» SOURCE DATA
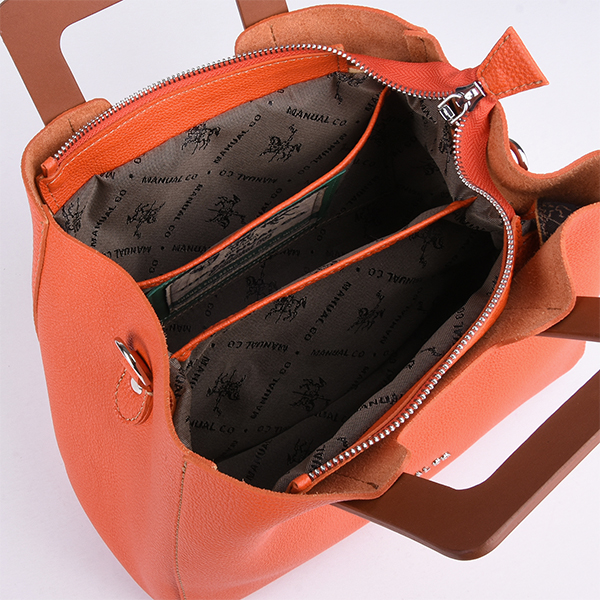 The elegance has become even more authentic with the Manual leather women’s bag. Extraordinary geometry, a fusion of the finest leathers and striking details are giving a character that flirts with timeless classics and current trends. The allure is in the details of the leather handles of straight geometrical shape and its functionality. A perfect organization with as many as three internal partitions and closure with a high-quality nickel-coloured metal zipper ensure safety and functionality. It possesses an additional leather shoulder strap for comfortable all-day wear.
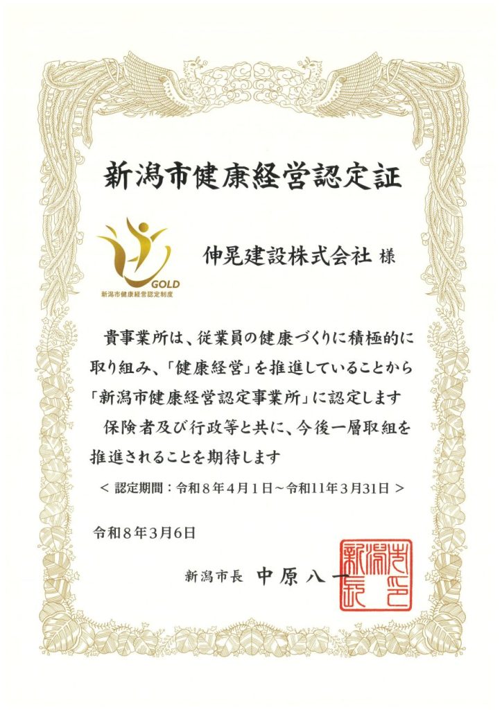 このたび、弊社は「新潟市健康経営認定制度」において、ゴールドクラスに認定されました。
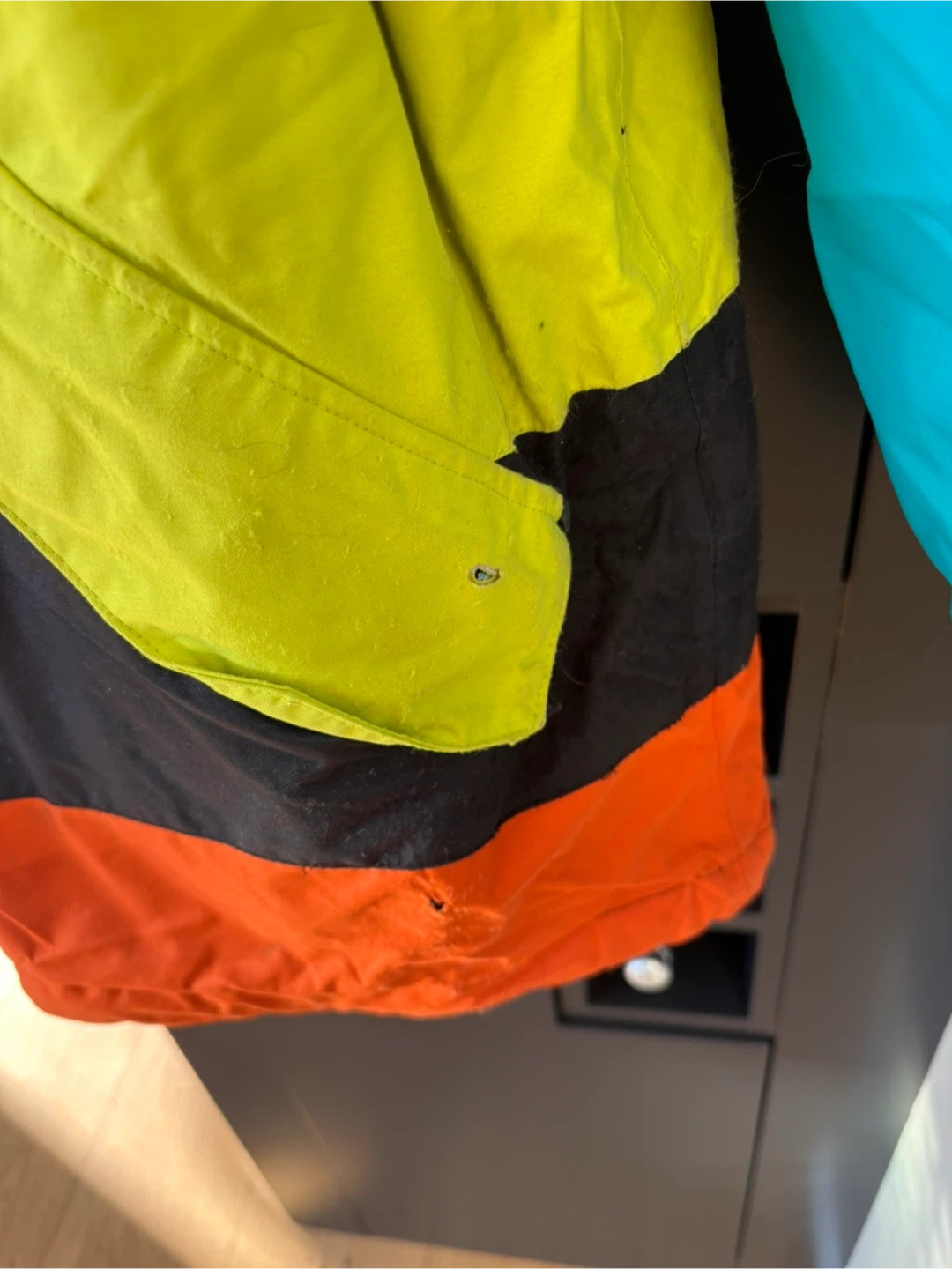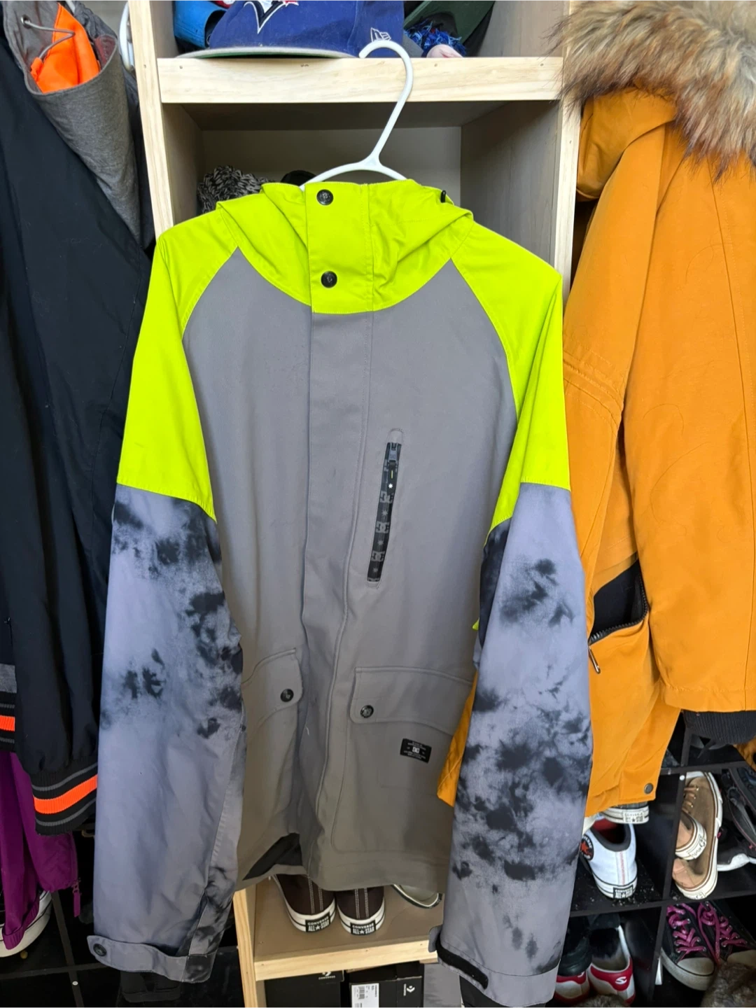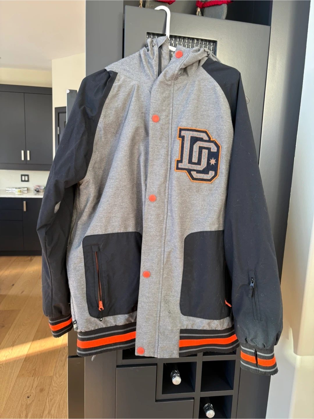 Grey and black DC Shoes snowboard jacket with orange accents. Features a hood and multiple pockets. Perfect for hitting the slopes this season!

» YOUR TASK
Transcribe every line from the one containing "このたび、弊社は「新潟市健康" to the end of the listing, exactly and exclusively. Do not carry any picture over.

» RESPONSE BOX
 このたび、弊社は「新潟市健康経営認定制度」において、ゴールドクラスに認定されました。
 Grey and black DC Shoes snowboard jacket with orange accents. Features a hood and multiple pockets. Perfect for hitting the slopes this season!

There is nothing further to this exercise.